I think I'm going to start a movement.  

     Yep.  I'm starting a movement to rally mamas everywhere to start talking about all of those things which we have kept silent about for too long.  Let's change the world, Ladies! I'm accepting applications for memberships.  And suggestions for the movement's name, you know, for marketing purposes and such.  Someone might want to write a protest song for us or something, so it should be catchy.  

   Hey, this is a brand new movement, my mama movement.  I don't yet know how it will play out. I don't have any rules or anything set up.  Well, here's one rule:  you have to be a mama to join  OR you need a note from your mama saying she gives you permission to join with the other mamas. You can sign up in the comments section. 

     And this here is more a guideline than a rule: I'm going to recommend that when you are representing the movement and talking about something We Don't Talk About, try to remain calm, so that the issues you now bring up can become normalized.  However, I recognize that there will be times that barking, screeching, yelling, or otherwise cussing out someone may be justifiably warranted.  

I think that's a good enough start for now.  I have to go take Thing 2 shopping for work-appropriate attire.  He starts a new job next week.

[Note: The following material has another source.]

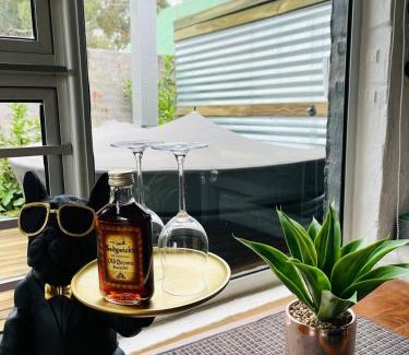 Salle de bainsSèche-cheveux, Salle de bains privative, Baignoire ou douche, Serviettes / linge de lit (frais supplémentaires), Baignoire, Papier toilette, Après-shampoing, Articles de toilette gratuits, Shampoing, Savon, Serviettes, Douche, ToilettesHigh-techTélévision à écran plat, Service de streaming (ex. Netflix), TélévisionGénéralClimatisation, Entrée privée, Sol carrelé / en marbre, Chauffage, Poubelles, Couvertures chauffantesActivitésBain à remousCuisineUstensiles de cuisine, Réfrigérateur, Produits ménagers, Grille-pain, Machine à café, Kitchenette, Bouilloire électrique, Verres à vinCoin salonCanapé, Coin salonChambreArmoire ou penderie, Linge de maisonEn extérieurMobilier d’extérieur, BarbecueVueVue sur le jardinAccessibilitéLogement entièrement accessible en fauteuil roulant, Logement entièrement situé au rez-de-chausséeDivertissements et services aux famillesJeux de société / puzzlesÉquipements en chambrePrise près du lit, Oreiller en plumes, Canapé-litEspaces piscine et bien-êtreServiettes de piscineRestaurationChocolats ou biscuits |

  1. So true about labeling other people

  2. Karen, the only label I will give you is "Awesome." I counting you as one of my band of mamas. xo

  3. I hate when I get labeled as Disabled. I'm not. I was born with one arm and I get along just fine, thank you very much. I may do it differently than "you" would do it, but seriously, I've got so much else going on that the opinion of others really doesn't even register on my radar, So if "you" think I can't do something, keep it to yourself. I'm busy doing it.

    Count me in.

  4. Absolutely, Stephanie, if you aren't too busy doing it, you are definitely in!

  5. Wonderful idea Kristen. I was a child of a momma who had mental illness. I always kept silent so I would not be judged. It was a tough way to go through life always afraid I would be judge by mothers sickness.